While I recognize that support for “democracy and freedom” is substantial, within each Arab national society — that the middle class is not a nothing; that each economy depends on it — I doubt this “faction” can prevail. Worse, I think we are watching its final, hopeless bid for power. …

 

Peter Wehner reminds us of what Bush 43 said about Middle East policy.

As popular unrest sweeps the Middle East and North Africa, from Tunisia to Yemen to Egypt, it’s worth recalling the words and warning of President George W. Bush – in this case, his November 19, 2003, address at Whitehall Palace in London, where Bush said this:

We must shake off decades of failed policy in the Middle East. Your nation and mine, in the past, have been willing to make a bargain, to tolerate oppression for the sake of stability. …
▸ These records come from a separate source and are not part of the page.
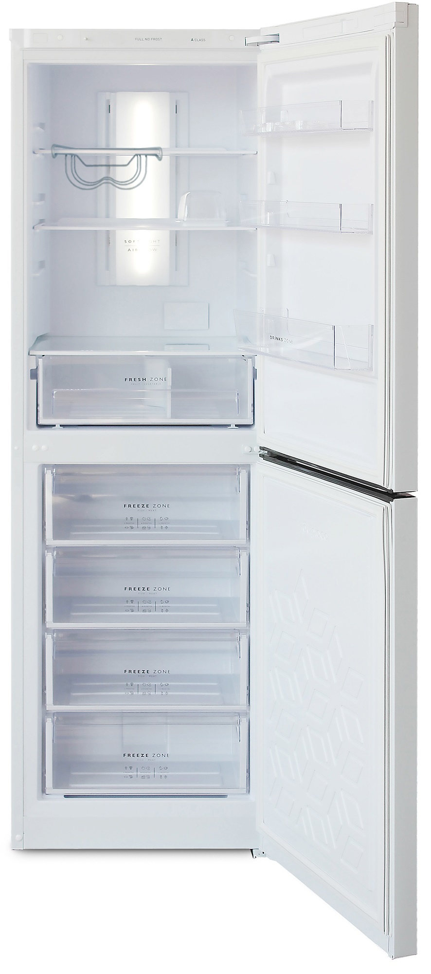 Холодильник оснащён одним компрессором и системой No Frost, которая обеспечивает равномерное охлаждение и предотвращает образование льда.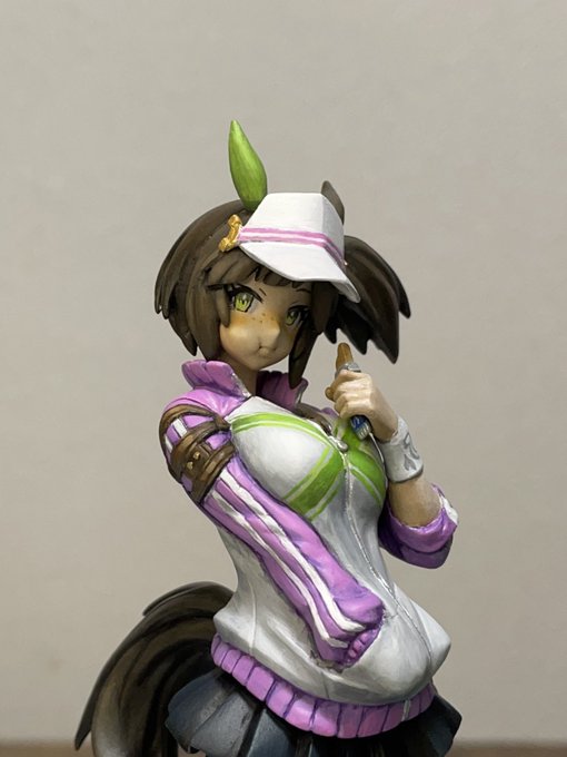 【ウマ娘】アイネスフウジン(ミニキャラ) ペーパーフィギュア 顔パーツ 頭部と合体!!スぺちゃん用ディスプレイ台(胸像)も使用 バイザーのせいでライティングが難しい・・・ #ウマ娘 #アイネスフウジン #ペーパークラフト #papercraft #ペーパーフィギュア #paperfigure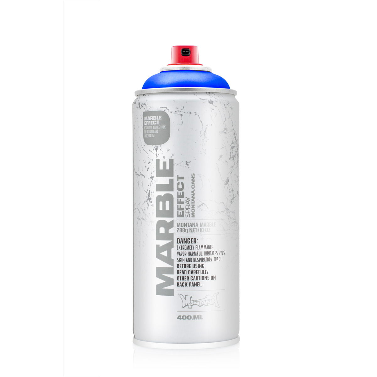 Спрей-фарба з високим рівнем покриття для оманливо реалістичного мармурового ефекту. Можна використовувати на різних поверхнях, таких як папір, картон, ґрунтоване полотно, дерево, скло, метал, кераміка, порцеляна, камінь, акрил та інші матеріали, які можна фарбувати. Ефект мармуру створюється дуже тонкими кольоровими пасмами фарби на поверхні предмета. Область, яку потрібно обприскати, не покривається повністю і залишатиметься частково видимою, тому перед використанням потрібно зробити фон бажаного кольору. Після повного висихання можна наносити багато звичайних типів лаку. MARBLE Effect можна поєднувати з маркерами Montana GOLD, Montana ACRYLIC і звичайними акриловими фарбами. Банка з мармуровим ефектом стандартно постачається з каліграфічним кепом, який можна налаштувати для створення вертикальних, горизонтальних ліній розпилення або їх варіацій.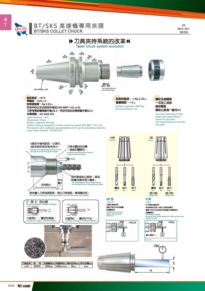 ● SKS筒夾錐度:4°,增加加持力、提高穩(wěn)定性。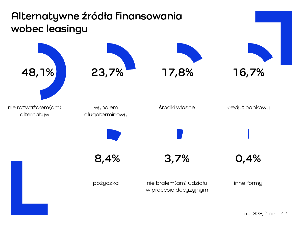 Jeśli firmy analizują inne opcje, leasing konkuruje przede wszystkim z najmem długoterminowym (23,7 proc. badanych), finansowaniem z pieniędzy własnych (17,8 proc.) oraz kredytem bankowym (16,7 proc.).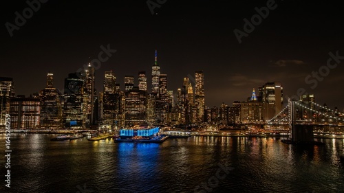 Fototapeta premium New York City skyline at night with Brooklyn Bridge.

As recent history has shown, we cannot turn a blind eye to oppression just because the oppression is not in our own backyard. No longer should we think tyranny is benign because it is temporarily convenient. Tyranny is never benign to its victims, and our great democracies should oppose tyranny wherever it is found.

…The core argument Bush made, which is that America must stand firm for the non-negotiable demands of human dignity — the rule of law, limits on the power of the state, respect for women, private property, free speech, equal justice, and religious tolerance — was right. No people on earth long to live in oppression and servitude, as slaves instead of free people, to be kept in chains or experience the lash of the whip. …

 

In Contentions, Max Boot follows up on Peter Wehner’s comments.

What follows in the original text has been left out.